_WORK INSTRUCTION_
Without the pictures, set down everything in the listing exactly.

_INPUT DATA_
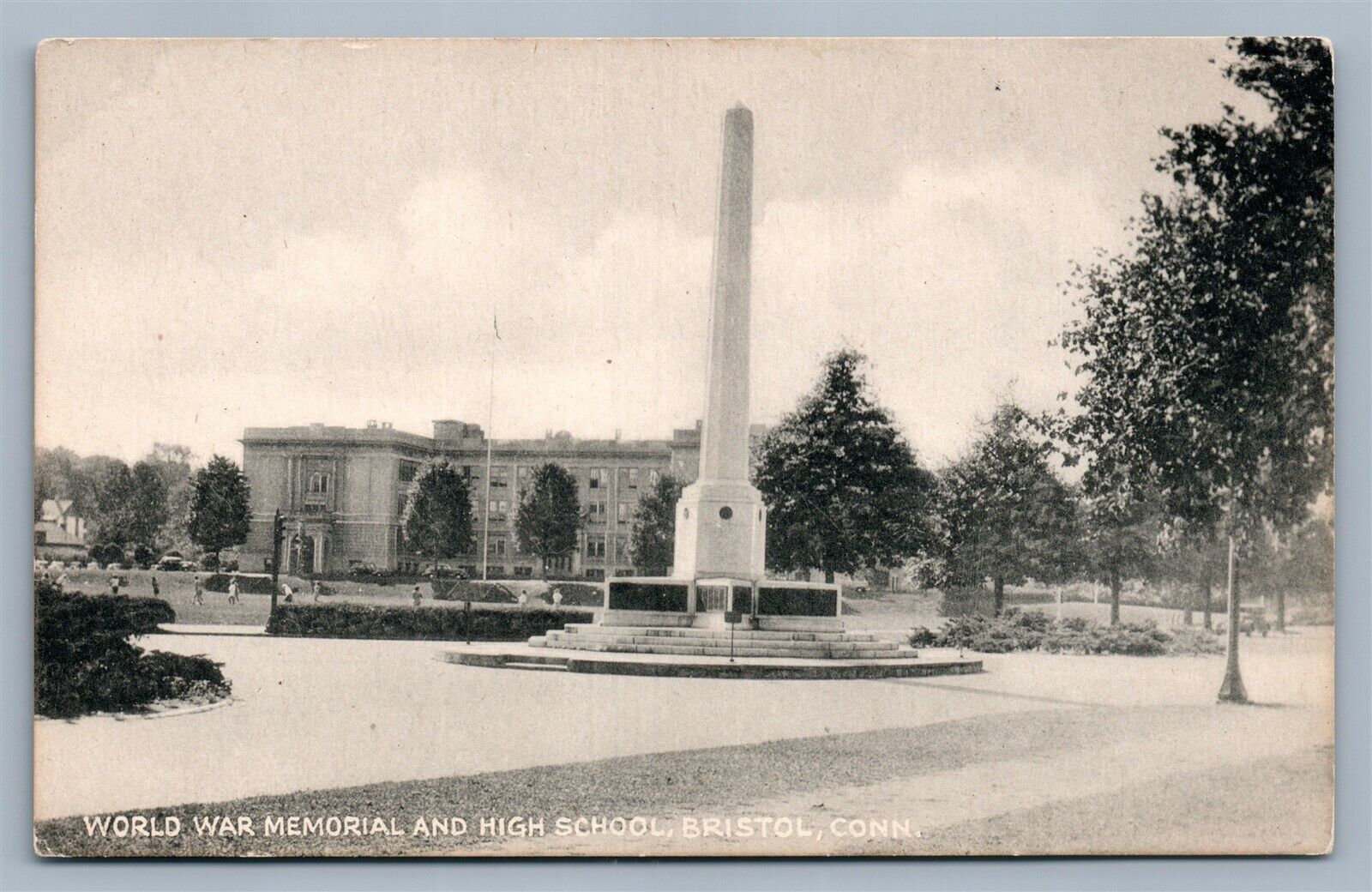 BRISTOL CT WORLD WAR MEMORIAL & HIGH SCHOOL ANTIQUE POSTCARD
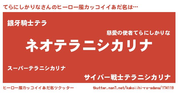 | ヘコむあだ名 | 『てらにしかりな(震え声)』『てら太郎』 |
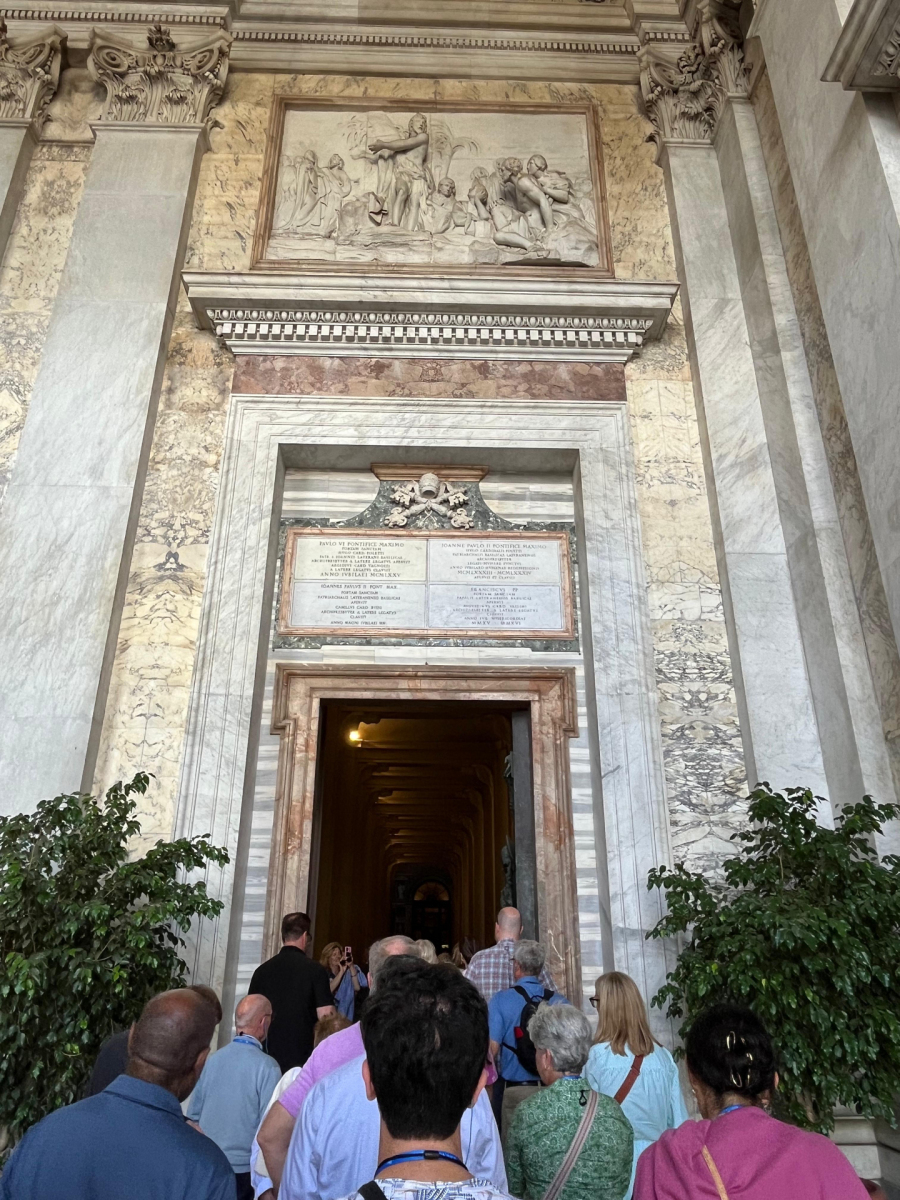 During our visit, we entered St. Peter’s through the Holy Door, opened for the Jubilee. We saw the tombs of St. Pope John Paul II and Pope John 23, also of Pope Paul VI and Pope Benedict XVI.

_WRITTEN ANSWER_
 BRISTOL CT WORLD WAR MEMORIAL & HIGH SCHOOL ANTIQUE POSTCARD
 | ヘコむあだ名 | 『てらにしかりな(震え声)』『てら太郎』 |
 During our visit, we entered St. Peter’s through the Holy Door, opened for the Jubilee. We saw the tombs of St. Pope John Paul II and Pope John 23, also of Pope Paul VI and Pope Benedict XVI.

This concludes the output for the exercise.